Two laboratory derived derivatives of Salmonella enterica serovar Typhimurium LT2 (S. Typhimurium LT2), SDT1291 and G455 were sequenced on the 454 GS FLX Titanium. Sequences were deposited in the Sequence Read Archive (ERP000942). An initial assembly was constructed using Newbler 2.7 [16] with default parameters. All contigs were used for scaffolding. The complete S. Typhimurium LT2 genome sequence (NC_003197) in the SEED database [17] was used as reference.

Simulated data

Simulated reads were sampled from three complete bacterial genomes: Escherichia coli 042 (FN554766), Lactobacillus salivarius UCC118 (NC_007929) and Salmonella enterica subsp. enterica sv Typhi P-stx-12 (NC_016832) using GemSIM 1.6 [18]. 400,000 reads with a length of 395 nt ± 116 nt were generated per genome using the supplied error model for Roche/454; these simulated reads were assembled using Newbler 2.7 [16] as above. Moreover, 1,600,000 paired 2 × 101 nt reads were generated per genome using supplied error model for Illumina GA IIx with TrueSeq SBS Kit v5‒GA and assembled using MIRA 3.19 [4]. Ten simulated datasets were generated for each strain.

Scaffolding

The Scaffold_builder program performs several analysis steps (Figure 1). First, Nucmer (with default parameters) is run to map contigs to the reference genome and the hits are parsed with Show-coords [19]. Contigs mapped to more than one location over at least 95% of their length (a default value) are considered ambiguously mapped and reported separately.
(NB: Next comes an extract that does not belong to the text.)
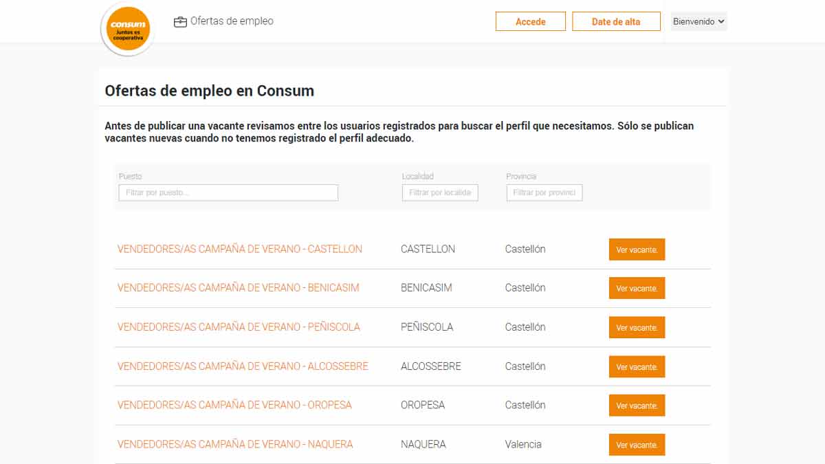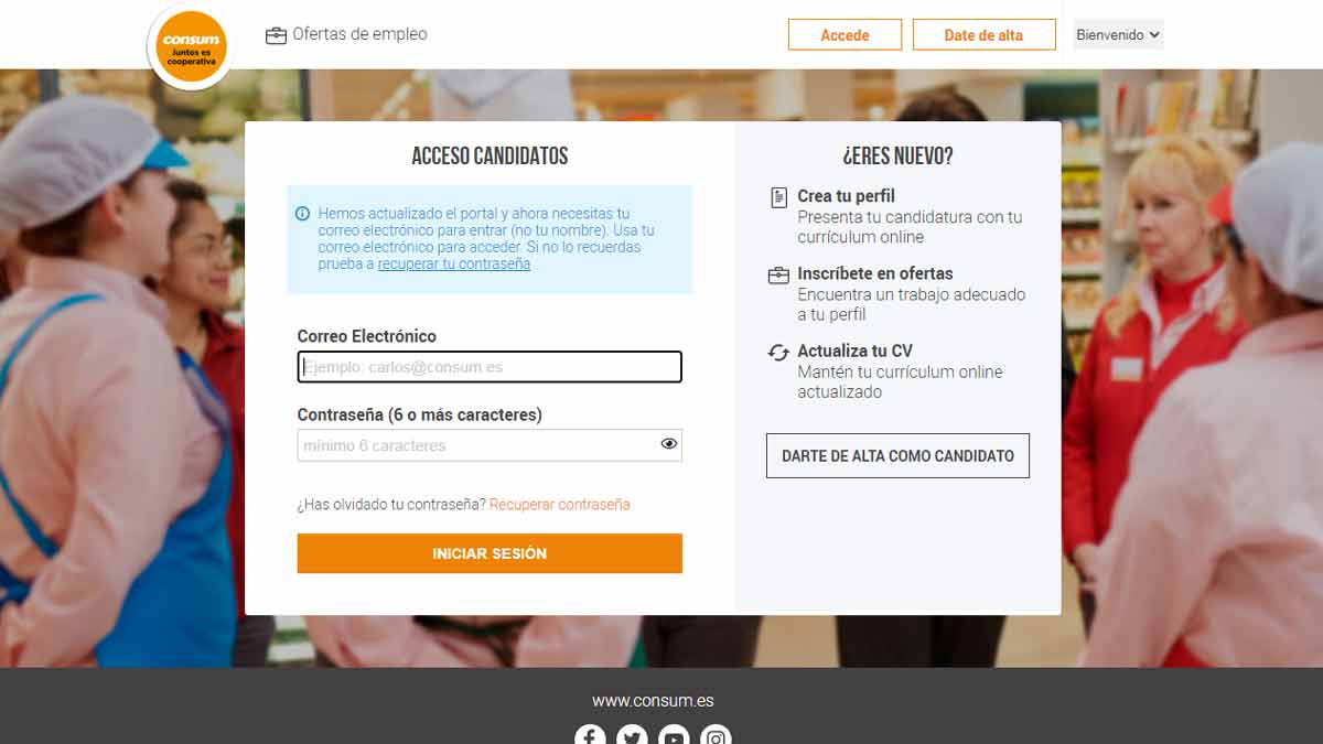Para poder acceder a un puesto de empleo en Consum hay que registrarse y enviar el currículum a través de su portal de empleo al que puedes acceder desde este enlace.

Then, Scaffold_builder uses the location of the longest hit to place the entire contig, while extending any unmapped “overhangs” along the reference. Although this potentially extends the alignment beyond similar region, we trust the sequence of the contig to be correct. Any contig that aligns entirely within a region that already contains a longer contig is not scaffolded and reported separately (as a duplicate region). The algorithm then proceeds along the reference sequence and inserts an appropriate number of Ns between every pair of non-overlapping contigs. For contigs that are mapped with an overlap, Scaffold_builder checks whether those contigs could be joined, broken, or placed end-to-end, by determining the sequence identity between their terminal regions using the Needleman–Wunsch algorithm [20]. Initially, the length of the terminal sequences tested for 300 nt of similarity, or less if the overlapping region is shorter. Then, the program elongates these regions in increments of 10 nt and re-aligns them to a maximum of 400 nt, testing if the similarity between the terminal sequences exceeds the minimum identity threshold of 80%. If the minimum identity is not reached, then Scaffold_builder either joins the contigs end-to-end (default) or breaks the scaffold. All the values mentioned above are default values and can be optionally adjusted by the user.
Figure 1

Flow diagram of the Scaffold_builder script.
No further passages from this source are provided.